Configuring Maximum Entropy Deconvolution for the Identification of Residence Time Distributions in Solute Transport Applications

Abstract

The advection-dispersion equation (ADE) or aggregated dead zone (ADZ) models and their derivatives are frequently used to describe mixing processes within rivers, channels, pipes, and urban drainage structures. The residence time distribution (RTD) provides a nonparametric model that may describe mixing effects in complex mixing contexts more completely. Identifying an RTD from laboratory data requires deconvolution. Previous studies have successfully applied maximum entropy deconvolution to solute transport data, with RTD subsampling used for computational simplification.

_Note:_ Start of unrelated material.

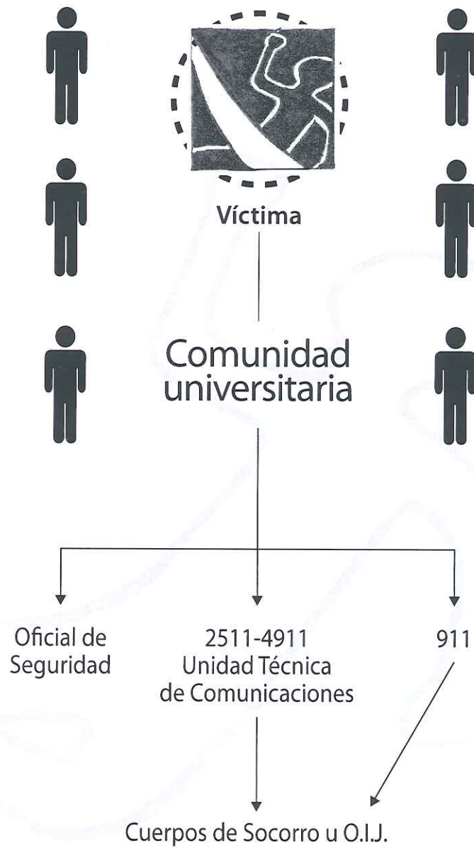
Diagrama de coordinación con entes externos

However, this requires a number of configuration settings which have to date not been rigorously investigated. Four settings are investigated here: the number and distribution of sample points, the constraint function, and the maximum number of iterations. Configuration options for each setting have been systematically assessed with reference to representative solute transport data by comparing the goodness-of-fit of recorded and predicted downstream profiles using the Nash-Sutcliffe efficiency index, evaluating RTD smoothness with a measure of entropy, and through consideration of the mass-balance of the RTD. New methods for defining sample point distribution are proposed. The results indicate that goodness-of-fit is most sensitive to constraint function and that smoothness is most sensitive to the number and distribution of sample points. A set of configuration options that includes a new sample point distribution is shown to perform robustly for a representative range of laboratory solute transport data.